Source records:

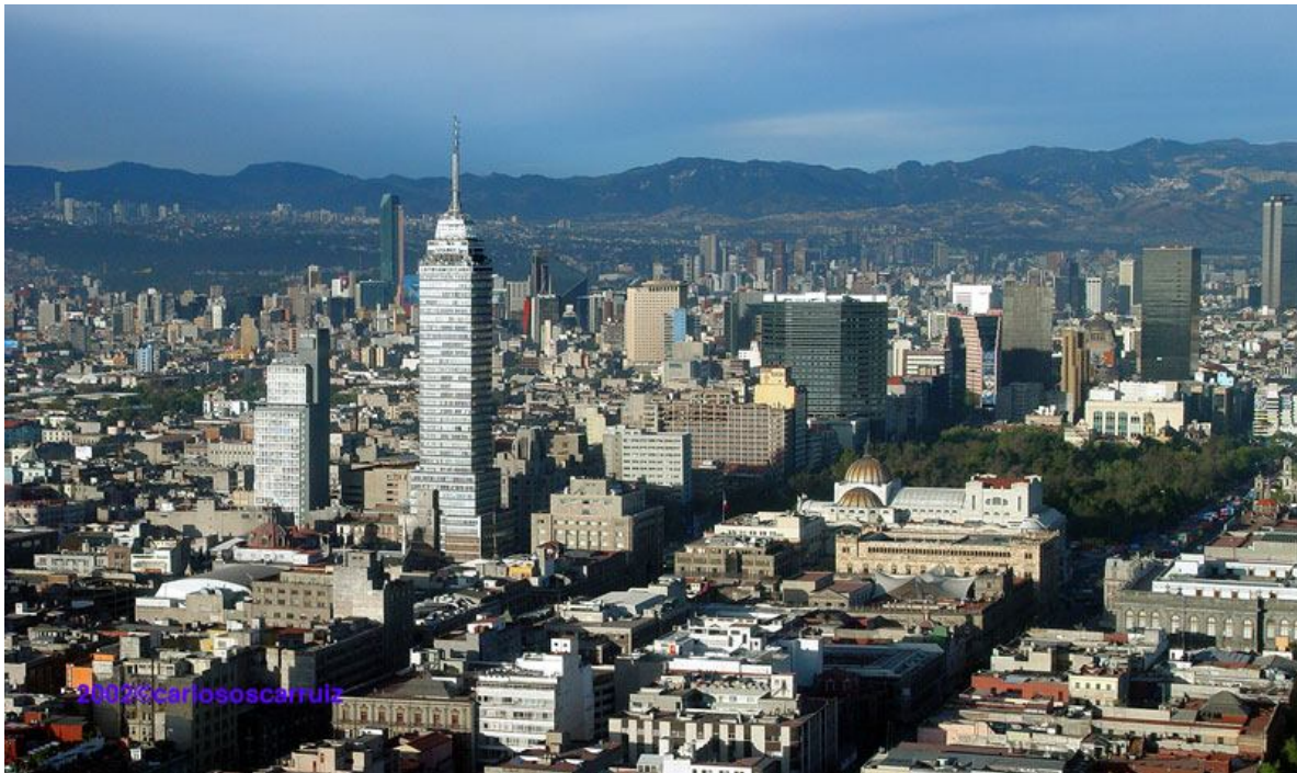
Fig.2 – Imagen de la Ciudad de México.

Hacia la década de 1980, el DF era la entidad más poblada de la República Mexicana. Tras el sismo de 1985, buena parte de la población de las delegaciones más afectadas se fue a residir a las delegaciones del sur del DF. En 1990, la mancha urbana de la ciudad ocupaba una superficie mayor que en el censo anterior, con una población más reducida. A partir de entonces, el DF como entidad federativa únicamente ha dejado de ser la entidad más poblada de México.
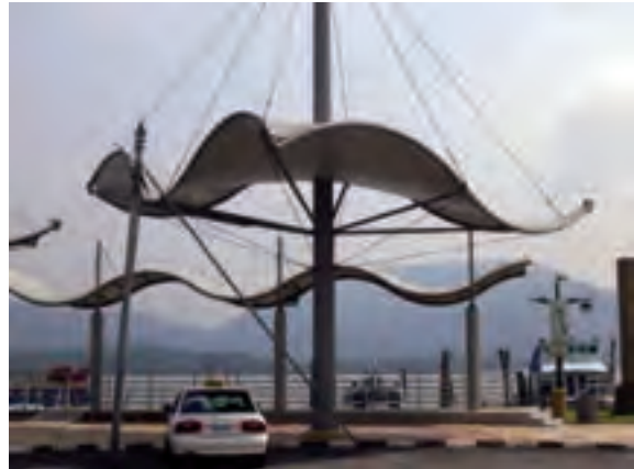
شکل ۲-۹- سازه‌ی معلق
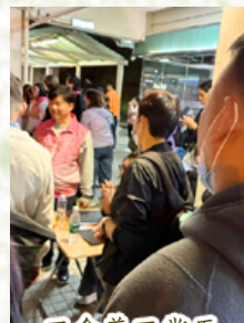
工會義工當天協助當區居民
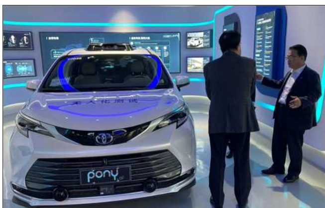
説明を受ける大村知事
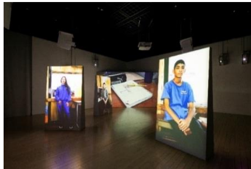
左：荒木悠《Road Movie》2014 年／15 分 42 秒 ©Yu Araki / Image Courtesy of the artist and MUJIN-TO Production 右：金仁淑（キム・インスク）《Eye to Eye》2023 年 [参考図版] 恵比寿映像祭 2023 コミッション・プロジェクト Photo：新井孝明
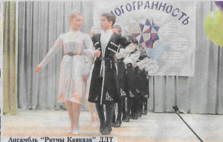
Ансамбль “Ритмы Кавказа” ДДТ

Цель фестиваля - привлечь внимание участников образовательного процесса к возрождению престижа профессии педагога; выявить многогранность талантов работников образо-
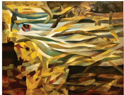
"Tiếng than của đại ngàn" - Sơn dầu 180 x 150 (Giấy A TL Mỹ thuật KV III - Hội Mỹ thuật Việt Nam)
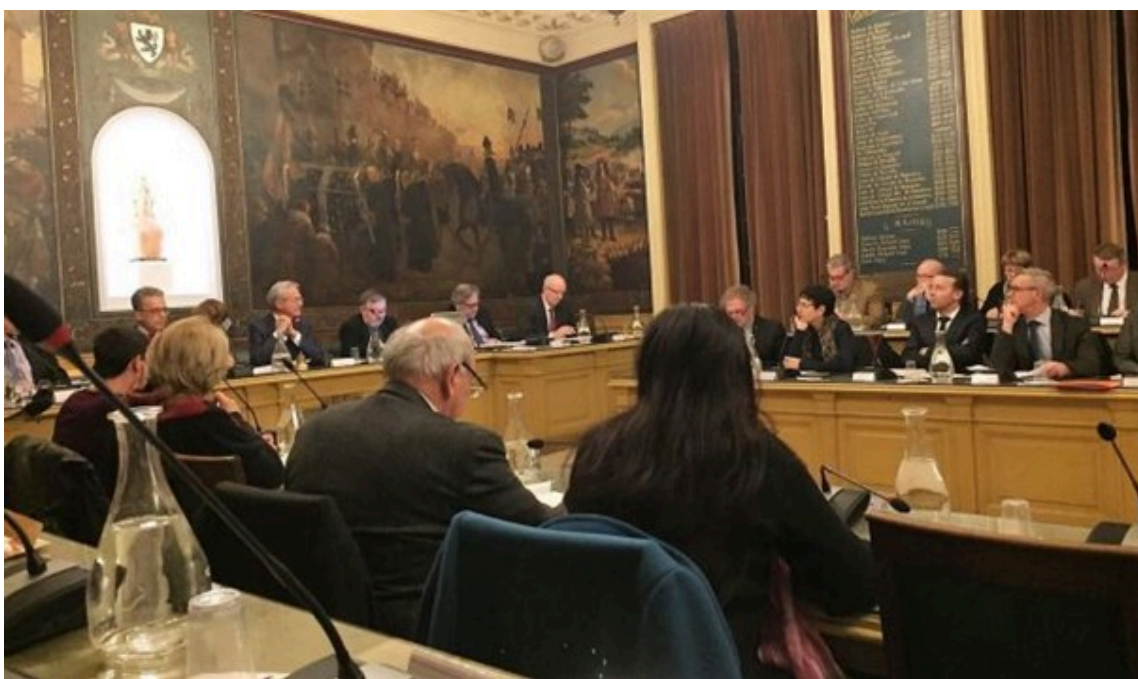
CONSEIL D'AGGLOMERATION - 11/07
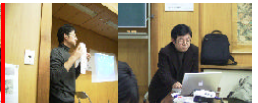
向島アートアーカイブプロジェクト【トリのマーク、田中】
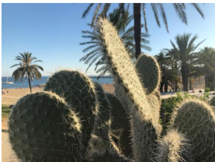
Nature, plage, mer

Comme mentionné auparavant, l'expérience ne s'arrête pas au lieu de travail mais elle va bien plus au-delà. En faisant ce pas vers ce nouveau projet, des changements sont nombreux tels que : des rencontres avec des personnes du monde entier, des nouvelles amitiés, des découvertes culinaires, un apprentissage dans le partage avec des personnes d'environnements différents, des concerts, des musées, un autre paysage qu'en Suisse, un apprentissage d'une langue voire d'un dialecte, des quiproquos, des questions, des réponses, des nouvelles habitudes, de nouveaux moyens de transports, et bien d'autres.
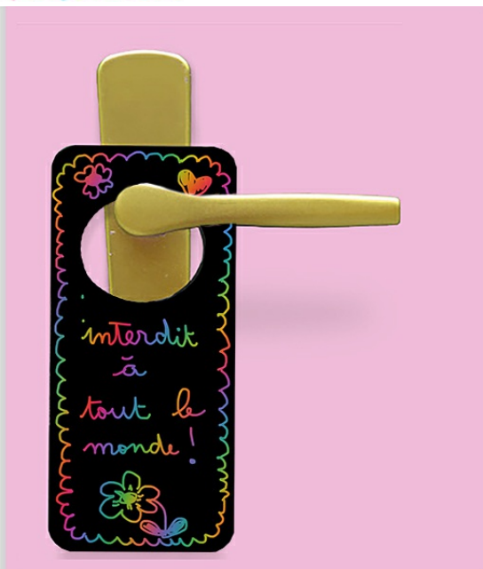
Plaque de porte en carte à gratter
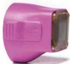
TOTAL TIP 4.0cm 2

Eine bis zu 25 % kürzere* Behandlungsdauer als mit dem Total Tip 3.0. Gezielte thermische Behandlung zur Therapie von Linien und Falten und Vibrationsfunktion für einen angenehmeren Behandlungsverlauf
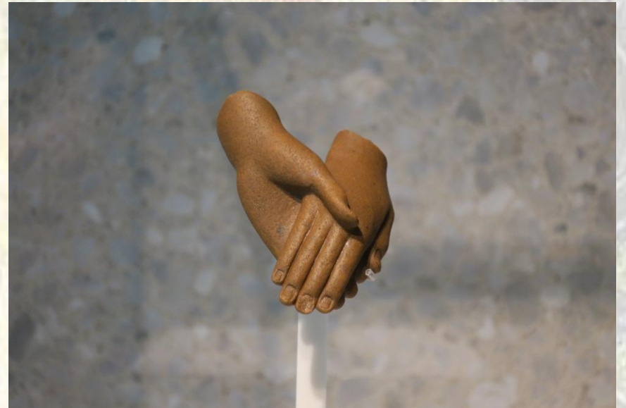
Echanton i Nefretete, fragment rzeźby, Muzeum archeologiczne w Berlinie
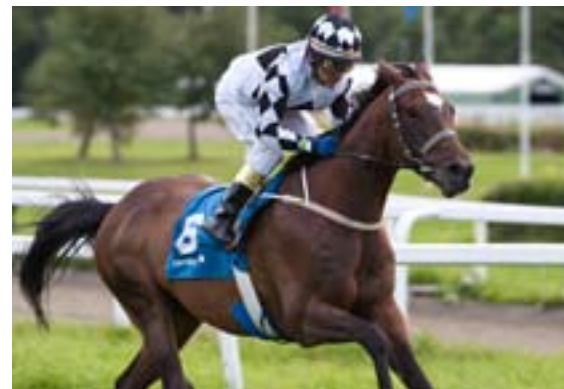
Heureux starter i Øvrevoll Mile Cup.
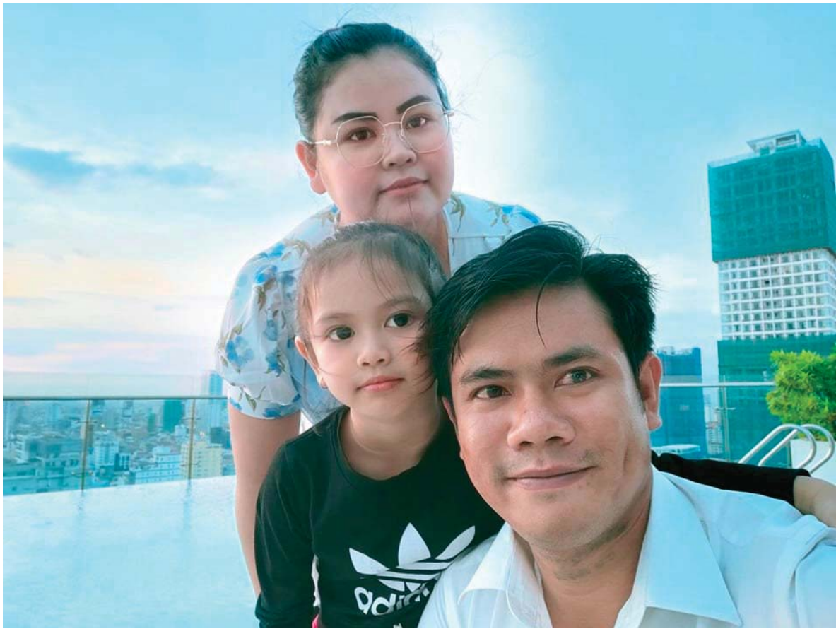
ជាមួយសមាជិកគ្រួសារ (ភ្នំពេញ)

ខ្ញុំសូមថ្លែងនូវសេចក្តីដឹងគុណយ៉ាងជ្រាលជ្រៅចំពោះ លោកប្រធានស្ថាបនិក ដែលបានទុកការបង្រៀននេះ ដល់ពួកយើង ។ ការសម្តែងរបស់សូមបញ្ចប់ត្រឹមតែ ប៉ុណ្ណោះ ! សូមអរគុណច្រើនចំពោះអ្នកទាំងអស់គ្នា។
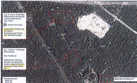
Auszug aus Maßnahmenkarte der SV SP: externe Kompensationsflächen

bereits festgesetzt wurden, ist nachzuweisen, ob sich auch im Rahmen des immissionschutzrechtlichen Verfahrens zur BRS die Erforderlichkeit von externen Kompensationsflächen ergab. Lt. Mail von Büro Piske vom 19.12.2023 sind hierzu nach Auskunft der Stadtverwaltung Speyer, Abteilung Umwelt, Forsten... auch drei externe Ausgleichsflächen im Nordwesten, Westen und Südwesten der BRS immissionsrechtlich genehmigt worden. Diese sind dann aber auch fachgerecht vollständigshalber im BPL incl. Auswertungsmaßnahmen mit festzusetzen.
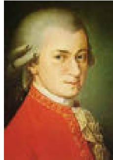
Abb. 1: Wolfgang Amadeus Mozart (1756 – 1791)

meiner Faszination für seine Musik, wie schon im Vorwort erwähnt, habe ich mich auch entschieden, meine Maturaarbeit über eines seiner unbestritten besten Kammermusikwerke, welches gleichzeitig auch als eines der Grossartigsten in der gesamten Kammermusikliteratur gilt, zu schreiben.
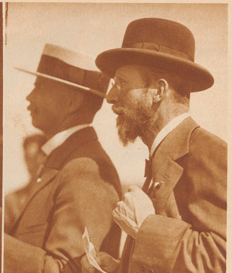
Zwei Profile aus Zürich
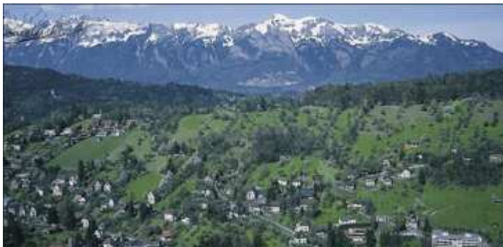
Foto: Blick auf den Ardetzenberg und den Hohen Kasten

1 1/2 - 2 Std. je nach Auf- und Abstieg und Rundwanderoute.
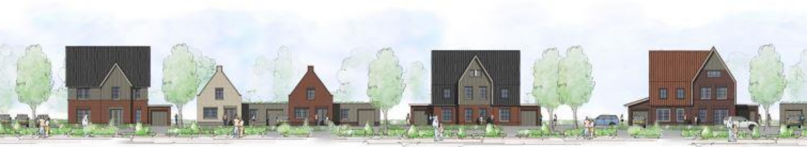
Nr. 5. Woningen in het eindontwerp - Studio DWP

• Directions for this task
Please count the lines above that hold the string "Kompensationsflächen" and reply with the number alone.

• Expected output
2